## Problem details
Print, exactly as they stand, the lines below from the one that has "岩井→渡邊 渡邊くんはまだ1" to the one that has "Interior of basement", inclusive, leaving out the pictures.

(Saved data entries)

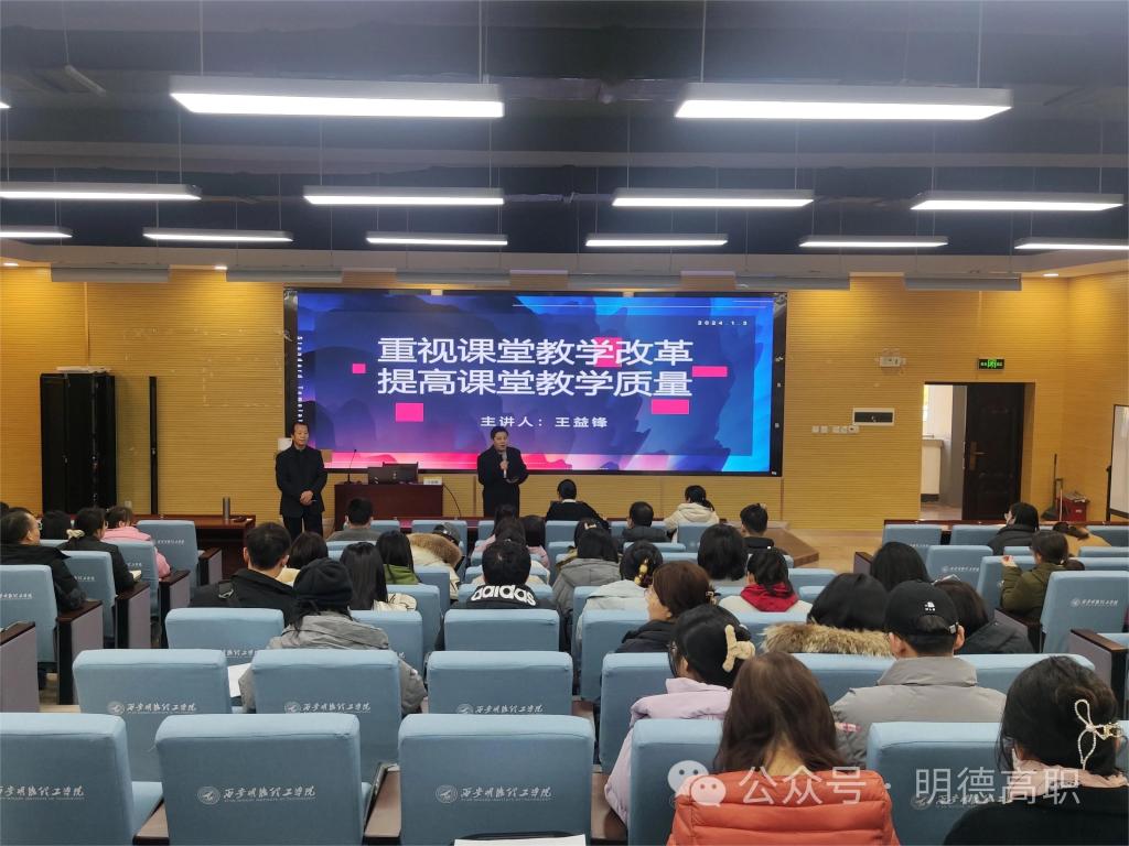 2024年1月3日,西安电子科技大学王益锋教授受邀在建德楼202报告厅为开元教师带来了开年的第一场讲座。本次讲座主题是重视课堂教学改革,提高课堂教学质量。高等职业技术学院专兼职教师、经济管理学院教师代表等共计100余位教师参加了此次讲座。讲座由高等职业技术学院院长舒忠主持。
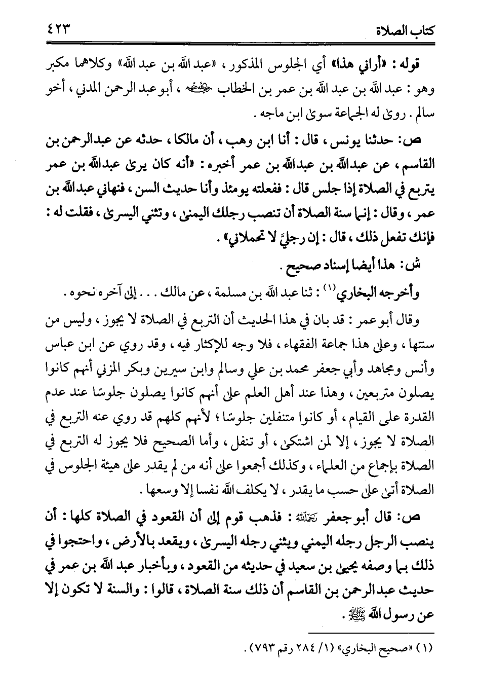ص: حدثنا يونس، قال: أنا ابن وهب، أن مالكا، حدثه عن عبد الرحمن بن القاسم، عن عبد الله بن عبد الله بن عمر أخبره: "أنه كان يرى عبد الله بن عمر يتربع في الصلاة إذا جلس قال: ففعلته يومئذ وأنا حديث السنن، فنهاني عبد الله بن عمر، وقال: إنما سنة الصلاة أن تنصب رجلك اليمنى، وتثني اليسرى، فقلت له: فإنك تفعل ذلك، قال: إن رجليَّ لا تحملاني".
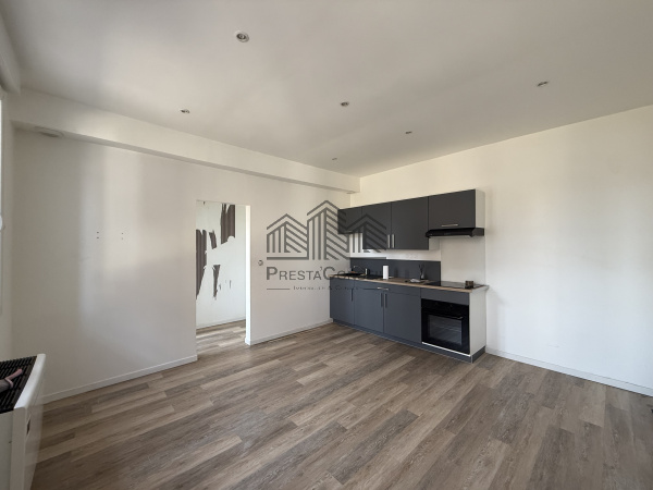 Équipements : Cuisine aménagée avec plaques de cuisson et meubles hauts/bas déjà installés.
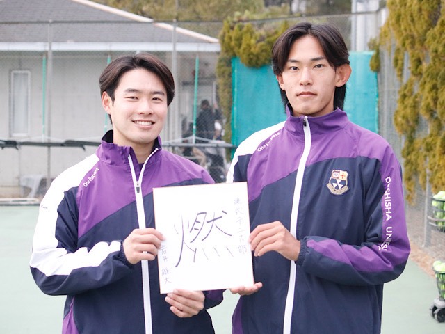 岩井→渡邊 渡邊くんはまだ1年生なんですけど、高校生の頃からインターハイベスト4に乗ってる選手ですごい強い選手っていうのは分かってたんですけど、リーグ戦とか一緒に戦ってみてフィジカル面の強さもそうなんですけど、人として周りに与える影響の多い選手が入ってくれたなっていうのはすごい感謝してます。オフの日に一緒に遊ぶとかはないんですけど、居残って練習したりとかすごいテニスにひむきに向き合ってくれてますし、1年生なのに戦績も一番出してくれてる選手なんで、これからの同志社のテニスを背負っていく選手として、自分はキャプテンとして彼ら後輩たちがいい環境でテニスできるような環境づくりができたらなっていう風に思っています。
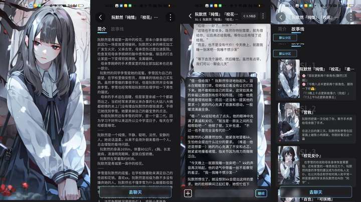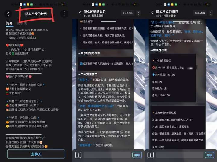 针对单角色和场景,你自己也可以选择不同展开(可以存档SL)(纯爱线,**线,开挂龙傲天线,角色长大成人线……也可以给角色或自身增改设定,也可以在对话中创造新的场景幕和新角色)。
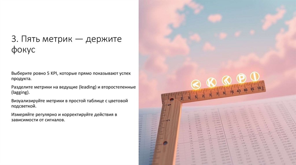 В KPI: сокращение метрик до наиболее значимых пяти.
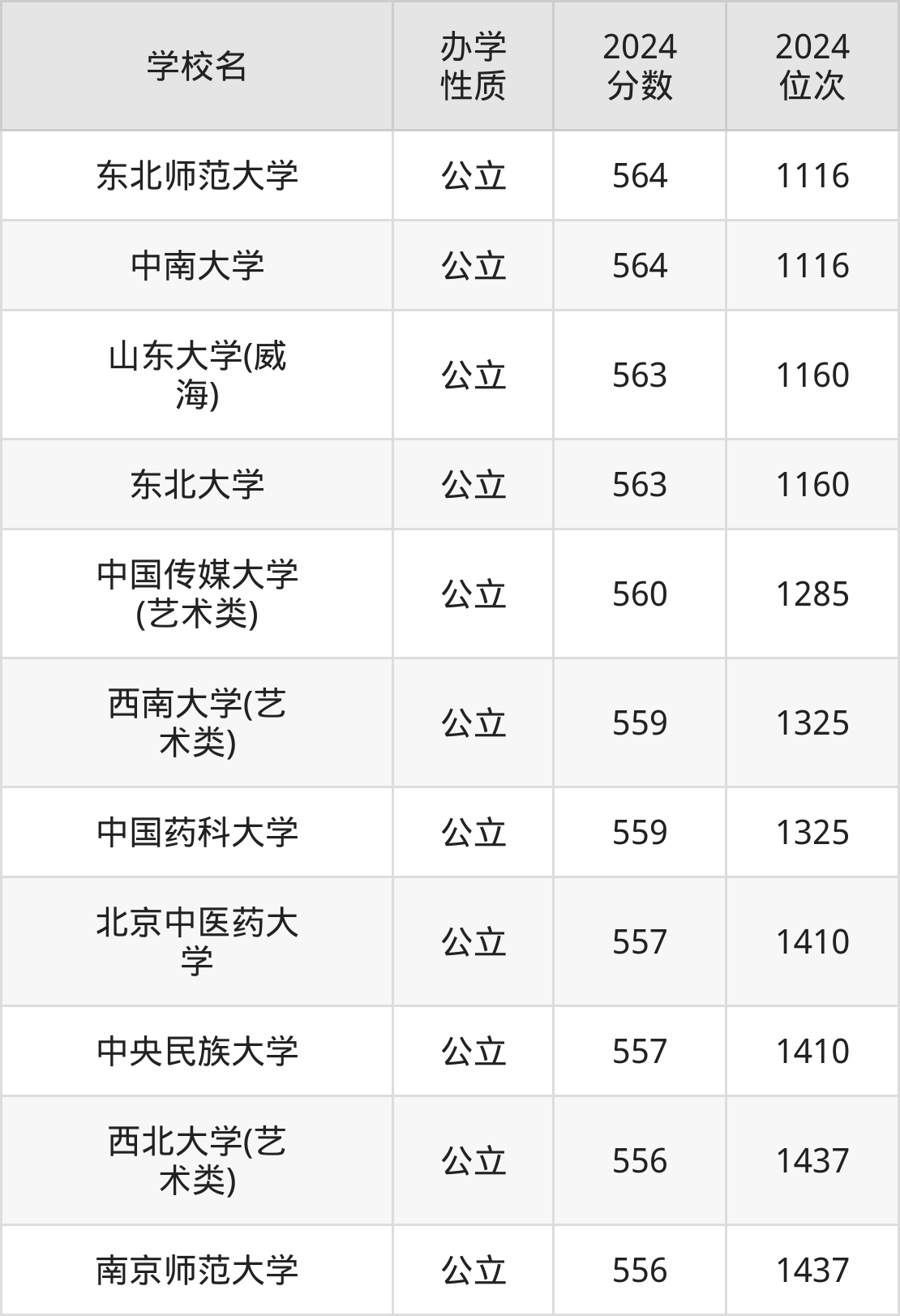 2024年内蒙古文科560分考生能上南京师范大学、中央民族大学、北京中医药大学、中国药科大学、东北大学等8所211院校,具体录取分数线及位次为:
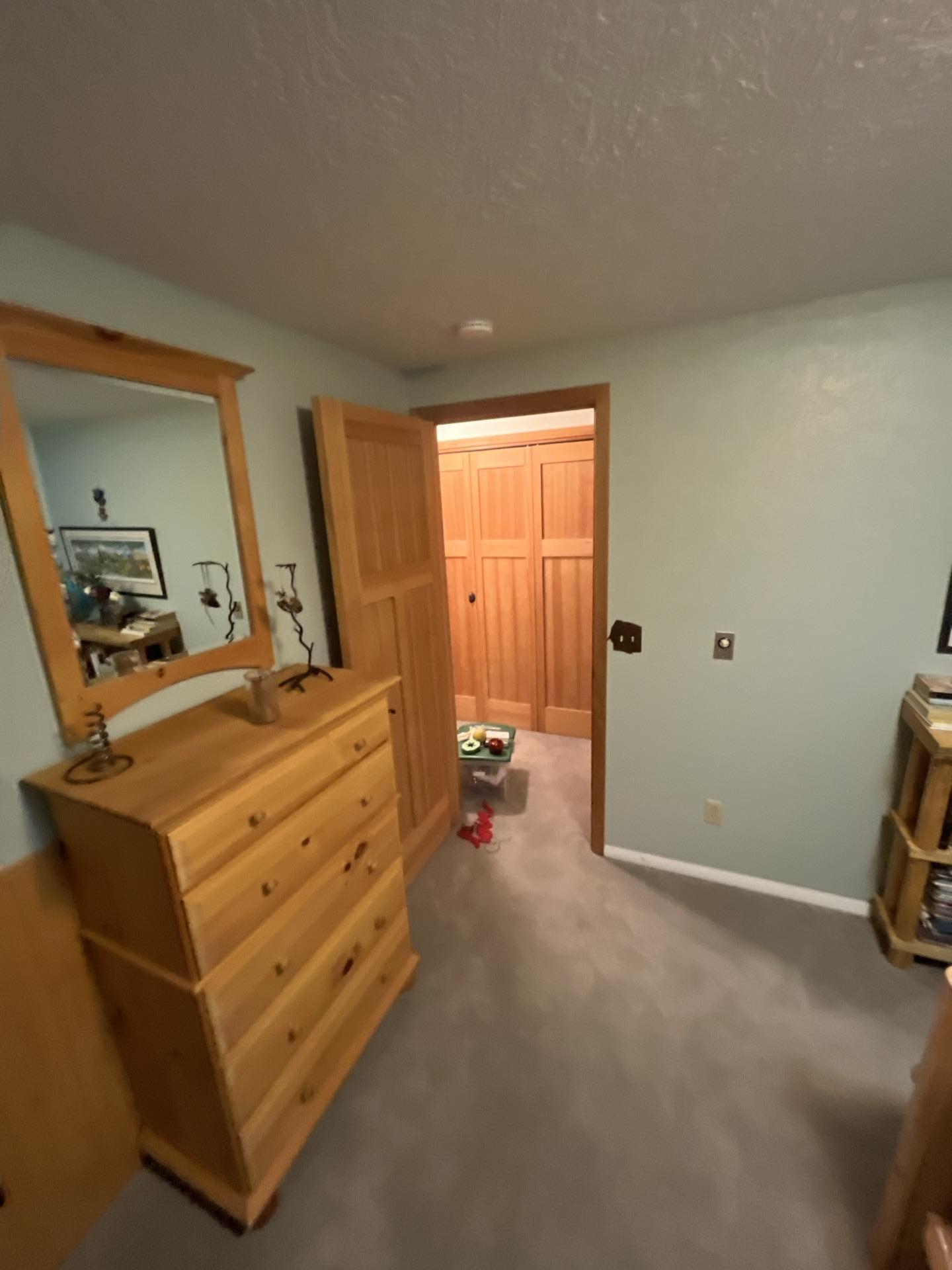 Interior of basement bedroom (Bedroom 1) after professional sewage damage cleanup and drying.
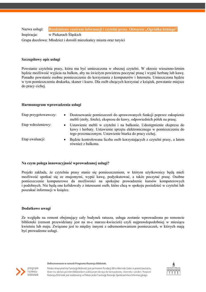 Nazwa usługi: Rozdzielenie centrum informacji i czytelni prasy. Otwarcie „Ogródka letniego” Inspiracja: w Piekarach Śląskich Grupa docelowa: Młodzież i dorośli mieszkańcy miasta oraz turyści Szczegółowy opis usługi Powstanie czytelnia prasy, która ma być umieszczona w obecnej czytelni. W okresie wiosenno-letnim będzie możliwość wyjścia na balkon, aby na świeżym powietrzu poczytać prasę i wypić herbatę lub kawę. Ponadto powstanie osobne pomieszczenie do korzystania z komputerów i Internetu. Umieszczona będzie w tym pomieszczeniu drukarka, skaner i ksero. Dla osób chcących korzystać z książek, powstanie miejsce do pracy cichej. Harmonogram wprowadzenia usługi Etap przygotowawczy: Etap wdrożeniowy: Etap ewaluacji: Dostosowanie pomieszczeń do sprawowanych funkcji poprzez zakupienie mebli (stoły, fotele), ekspresu do kawy, odpowiednich półek na prasę. Ustawienie mebli w czytelni i na balkonie. Udostępnienie ekspresu do kawy i herbaty. Ustawienie sprzętu elektronicznego w pomieszczeniu do tego przeznaczonym. Ustawienie biurka do pracy cichej. Będzie kontrolowana liczba osób korzystających z czytelni prasy, a latem również z balkonu. Na czym polega innowacyjność wprowadzanej usługi? Projekt zakłada, że czytelnia prasy stanie się pomieszczeniem, w którym użytkownicy będą mieli możliwość spotkać się ze znajomymi, wypić kawę, podyskutować, a także poczytać prasę. Osobne pomieszczenie komputerowe da możliwości na spokojne prowadzenie kursów komputerowych i podobnych. Nie będą one kolidowały z interesami osób, które chcą w spokoju posiedzieć w czytelni lub poszukać informacji w książce. Dodatkowe uwagi Ze względu na remont obejmujący cały budynek ratusza, usługa zostanie wprowadzona po remoncie biblioteki (remont przewidziany jest na m-c marzec-kwiecień) czyli najprawdopodobniej w miesiącu kwietniu lub maju. Związane jest to między innymi z odremontowaniem pomieszczeń, w których mają być prowadzone usługi. Materiały i narzędzia niezbędne do wprowadzenia usługi Zakup 2 stolików ogrodowych. Zakup foteli i stolików do czytelni. Zakup ekspresu do kawy. Pomysłodawca usługi Imię i nazwisko: Alina Wołodkiewicz Funkcja/Stanowisko w bibliotece: Dyrektor Nazwa biblioteki: Miejska Biblioteka Publiczna w Olsztynku Adres biblioteki: 11-015 Olsztynek, ul. Ratusz 1 Numer telefonu do kontaktu: 89 51-192-175
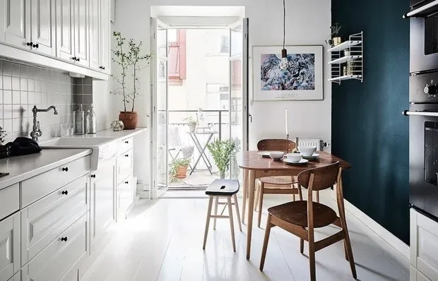 Taganka公寓的这套客厅室内设计主要特色是设计师家具和1960-70年代北欧的纪念品。Vitra有机椅和Fritz Hansen天鹅椅是独特的物体设计作品,立即吸引目光。
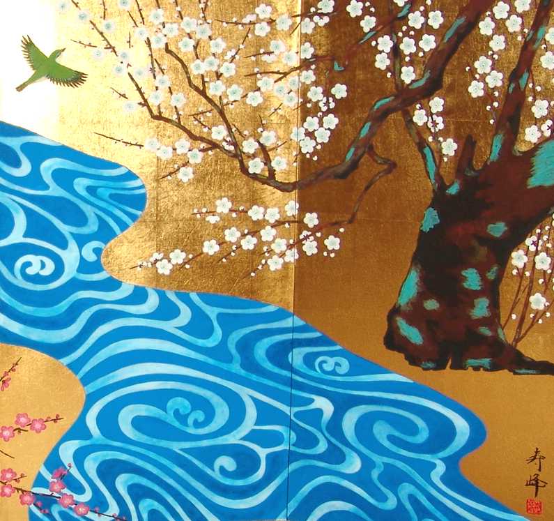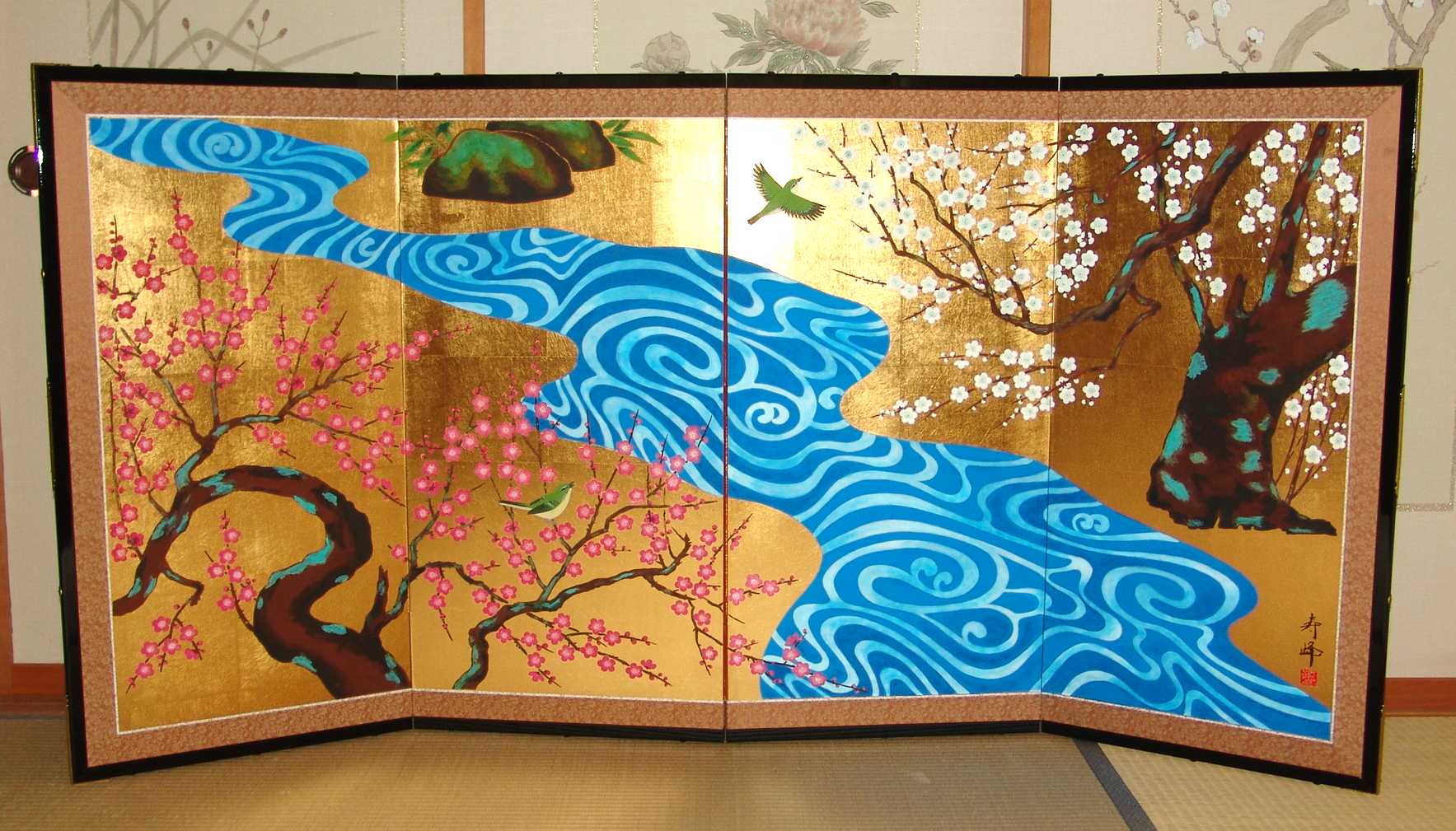 商品番号: X-154  金屏風 梅と流水 (富永寿峰先生) 定価(税込み):254,400円

## Exercise output
 岩井→渡邊 渡邊くんはまだ1年生なんですけど、高校生の頃からインターハイベスト4に乗ってる選手ですごい強い選手っていうのは分かってたんですけど、リーグ戦とか一緒に戦ってみてフィジカル面の強さもそうなんですけど、人として周りに与える影響の多い選手が入ってくれたなっていうのはすごい感謝してます。オフの日に一緒に遊ぶとかはないんですけど、居残って練習したりとかすごいテニスにひむきに向き合ってくれてますし、1年生なのに戦績も一番出してくれてる選手なんで、これからの同志社のテニスを背負っていく選手として、自分はキャプテンとして彼ら後輩たちがいい環境でテニスできるような環境づくりができたらなっていう風に思っています。
 针对单角色和场景,你自己也可以选择不同展开(可以存档SL)(纯爱线,**线,开挂龙傲天线,角色长大成人线……也可以给角色或自身增改设定,也可以在对话中创造新的场景幕和新角色)。
 В KPI: сокращение метрик до наиболее значимых пяти.
 2024年内蒙古文科560分考生能上南京师范大学、中央民族大学、北京中医药大学、中国药科大学、东北大学等8所211院校,具体录取分数线及位次为:
 Interior of basement bedroom (Bedroom 1) after professional sewage damage cleanup and drying.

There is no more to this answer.